# YOUR OBJECTIVE
What's wanted is each entry repeated verbatim, minus its images.

# EXERCISE INPUTS
-- -- --

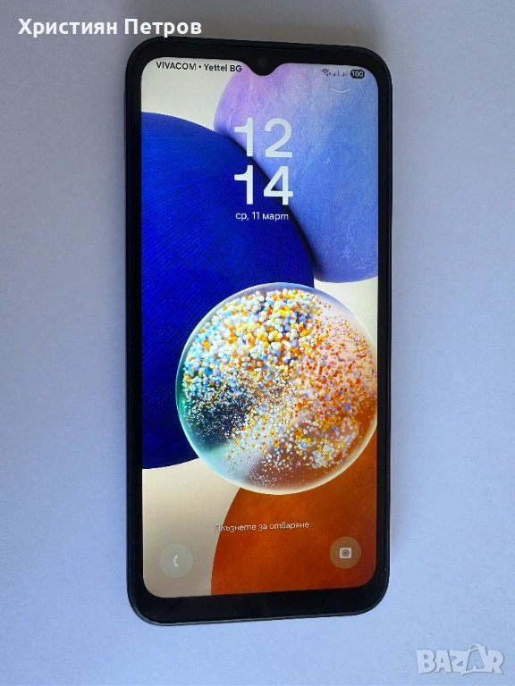 Продавам Samsung Galaxy A14 5G с 64GB вградена памет модел SM-A146P/DSN, Black - черен на цвят. Телефона е фабрично отключен и за двете SIM карти, което означава, че може да работи с всички мобилни оператори. Инсталирана е последна версия Android софтуер за модела - Android 15, One UI версия 7.0. Всички функции работят перфектно. По телефона няма никакви следи от употреба, което може да се види на снимките, телефона е като нов !!! Закупен е от технополис и няма остатъчна гаранция. Продава се пълен комплект с кабел, зарядно, игла за SIM картата, слушалки и бонус - силиконов калъф.
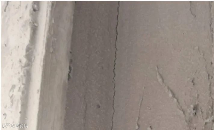 开裂发生在上墙后几分钟,通常会有白发花的现象,裂缝较细小、多且杂乱;
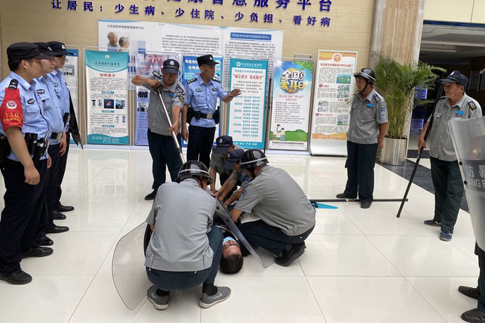 演練結束后,賀萬山警官對演練進行了總結,并指出演練過程中中存在保安人員盾牌握持姿勢、防護角度不到位,鋼叉和警棍使用不靈活,隊員之間配合不默契等問題。菏醫(yī)附院院長助理陳劼表示,反恐防暴工作是醫(yī)院安全工作中重要的組成部分,今后會針對此次演習中的不足之處,定期組織,加強練習,及時完善醫(yī)院應急預案。
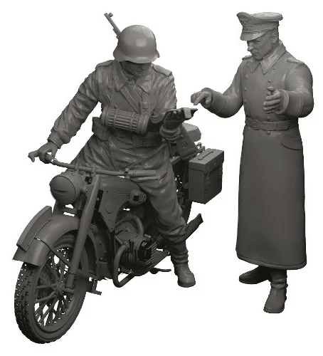 Сборные солдатики ZVEZDA Немецкий мотоцикл Р-12 с водителем и офицером 1/35
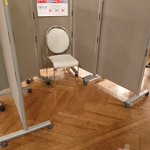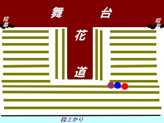 客席と一緒にだと思ってメイトさんたちみんな真ん中によったり、身支度したり・・・。
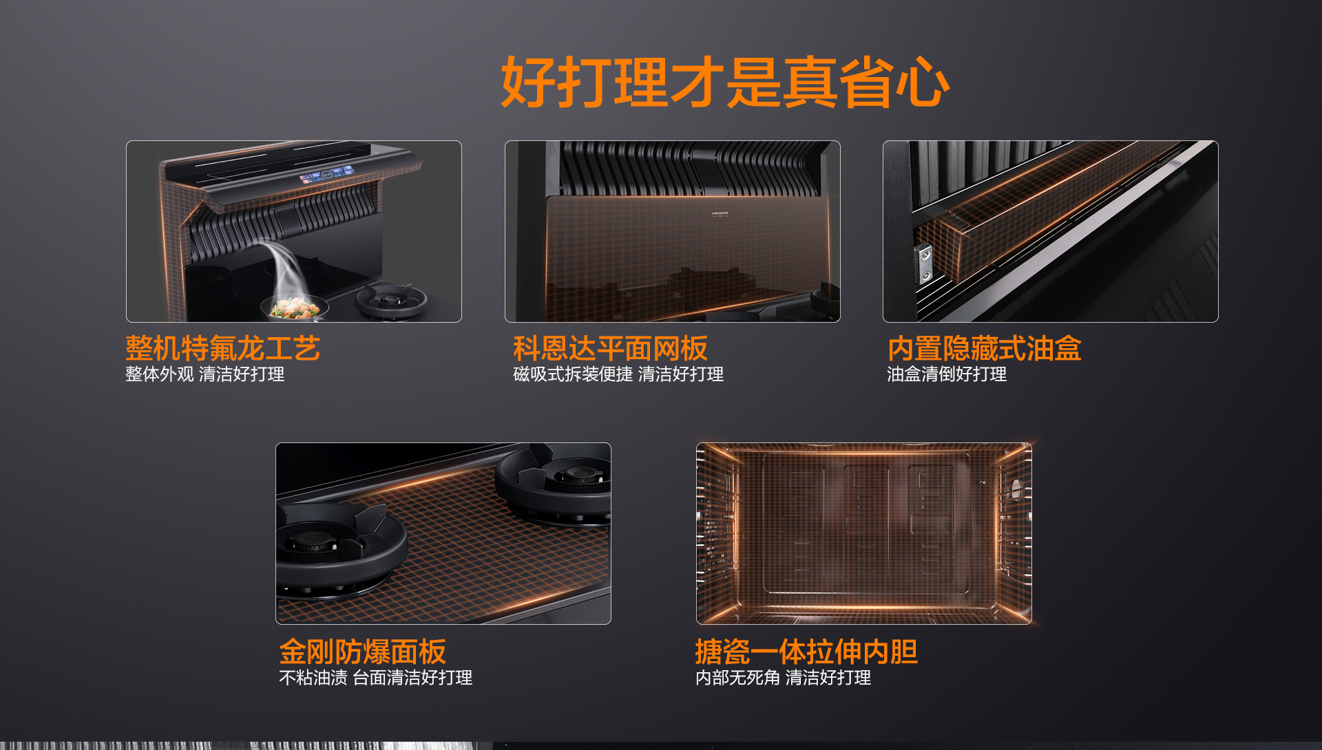 在工藝上經(jīng)過酸洗-噴砂工藝加之特氟龍噴涂最后高溫?zé)Y(jié),不僅不沾油、易清潔好打理。在分離油煙的同時(shí),還能防火阻燃!杜絕了明火進(jìn)入煙腔的可能,保障廚房安全!
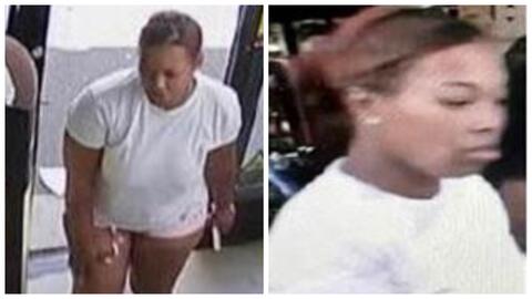 The suspect is described as 5’6” tall, with a medium brown complexion, and was wearing a white t-shirt, pink shorts, and pink hair, tied in a ponytail.
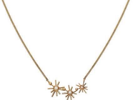 El collar “Buenos Días” incorpora un mini sol inspirado en petroglifos taínos, con rayos que evocan celebración y nuevos comienzos, acentuados por diamantes blancos sobre oro amarillo de 14 quilates.

-- -- --

# WRITTEN ANSWER
 Продавам Samsung Galaxy A14 5G с 64GB вградена памет модел SM-A146P/DSN, Black - черен на цвят. Телефона е фабрично отключен и за двете SIM карти, което означава, че може да работи с всички мобилни оператори. Инсталирана е последна версия Android софтуер за модела - Android 15, One UI версия 7.0. Всички функции работят перфектно. По телефона няма никакви следи от употреба, което може да се види на снимките, телефона е като нов !!! Закупен е от технополис и няма остатъчна гаранция. Продава се пълен комплект с кабел, зарядно, игла за SIM картата, слушалки и бонус - силиконов калъф.
 开裂发生在上墙后几分钟,通常会有白发花的现象,裂缝较细小、多且杂乱;
 演練結束后,賀萬山警官對演練進行了總結,并指出演練過程中中存在保安人員盾牌握持姿勢、防護角度不到位,鋼叉和警棍使用不靈活,隊員之間配合不默契等問題。菏醫(yī)附院院長助理陳劼表示,反恐防暴工作是醫(yī)院安全工作中重要的組成部分,今后會針對此次演習中的不足之處,定期組織,加強練習,及時完善醫(yī)院應急預案。
 Сборные солдатики ZVEZDA Немецкий мотоцикл Р-12 с водителем и офицером 1/35
 客席と一緒にだと思ってメイトさんたちみんな真ん中によったり、身支度したり・・・。
 在工藝上經(jīng)過酸洗-噴砂工藝加之特氟龍噴涂最后高溫?zé)Y(jié),不僅不沾油、易清潔好打理。在分離油煙的同時(shí),還能防火阻燃!杜絕了明火進(jìn)入煙腔的可能,保障廚房安全!
 The suspect is described as 5’6” tall, with a medium brown complexion, and was wearing a white t-shirt, pink shorts, and pink hair, tied in a ponytail.
 El collar “Buenos Días” incorpora un mini sol inspirado en petroglifos taínos, con rayos que evocan celebración y nuevos comienzos, acentuados por diamantes blancos sobre oro amarillo de 14 quilates.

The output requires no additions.